The most common way to customize your image is to add the Python packages required by your application. This is done by calling the add_python_packages method on the Image object with a list of package names.

Pinning the version of the package is recommended. This ensures that when you re-deploy your application, you won’t accidentally pick up a new version that breaks your application.

from beam import Image, endpoint

image = Image(python_version="python3.11").add_python_packages(["numpy==2.2.0"])

@endpoint(image=image)
def handler():
  return {}

Importing requirements.txt

If you already have a requirements.txt file, you can also use that directly using the Image constructor’s python_packages parameter:

from beam import Image, endpoint

image = Image(python_version="python3.11", python_packages="requirements.txt")

@endpoint(image=image)
def handler():
  return {}

Adding Shell Commands

Sometimes, it is necessary to run additional shell commands while building your image.

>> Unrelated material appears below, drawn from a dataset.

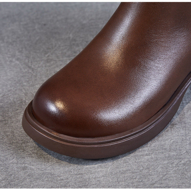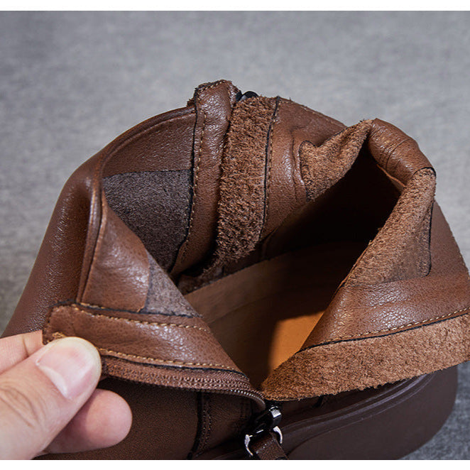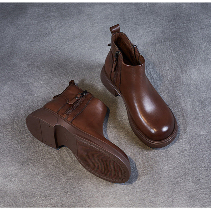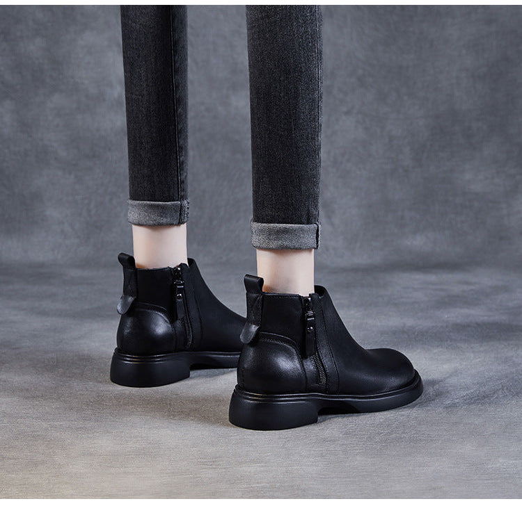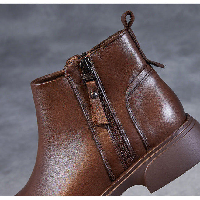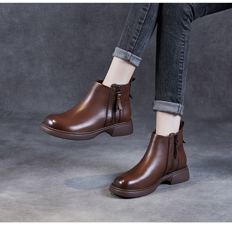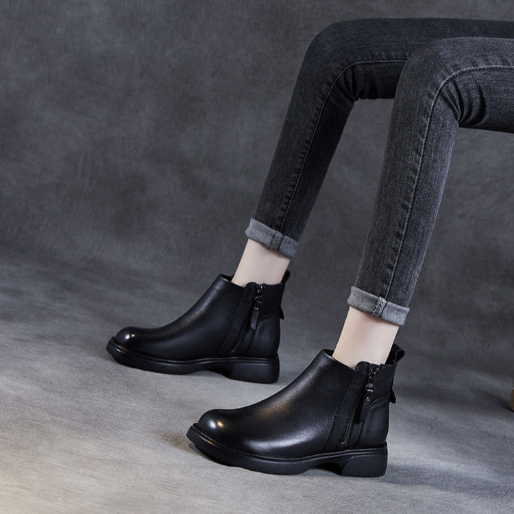 Women's Genuine Leather Casual Ankle Boots – Comfortable Double Zipper Design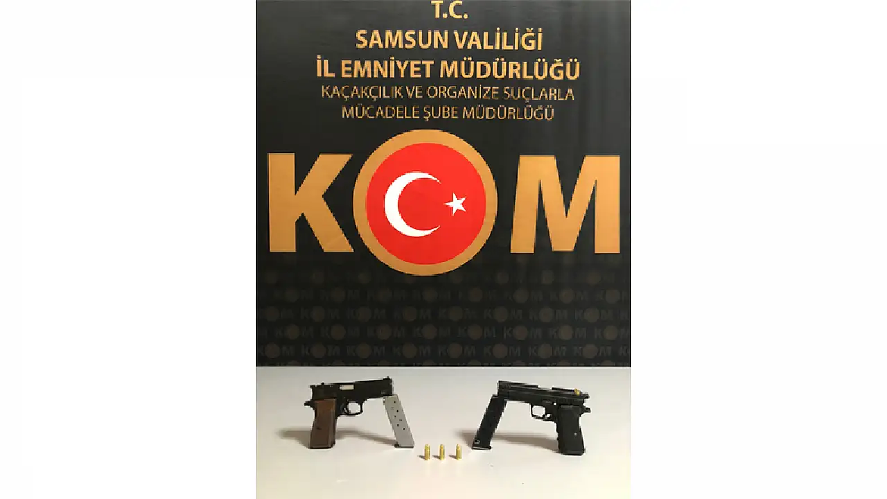 Edinilen bilgiye göre, Samsun Emniyet Müdürlüğü Kaçakçılık ve Organize Suçlarla Mücadele (KOM) Şube Müdürlüğü ekipleri suçlarla mücadele kapsamında yaptıkları takip ve çalışmalar doğrultusunda Tekkeköy ilçesinde durdurulan 55 plakalı araçta arama yaptı. Yapılan aramada 2 adet ruhsatsız tabanca ve bu tabancalara ait şarjör ve 3 adet tabanca mermisi ele geçirdi.

This can be achieved by calling the add_commands method on the Image object with a list of commands.

For instance, you might need to install libjpeg-dev when using the Pillow library. In the example below, we’ll install libjpeg-dev and then install Pillow.

from beam import Image, endpoint

image = (
    Image(python_version="python3.11")
    .add_commands(["apt-get update", "apt-get install libjpeg-dev -y"])
    .add_python_packages(["Pillow"])
)

@endpoint(image=image)
def handler():
  return {}

Customizing the Base Image

Some applications and libraries require specific dependencies that are not available in the default Beam image. In these cases, you can use a custom base image.

Some of the most common custom base images are the CUDA development images from NVIDIA (e.g. nvcr.io/nvidia/cuda:12.4.1-cudnn-devel-ubuntu22.04). These images come with additional libraries, debugging tools, and nvcc installed.

The image below will use a custom CUDA image as the base.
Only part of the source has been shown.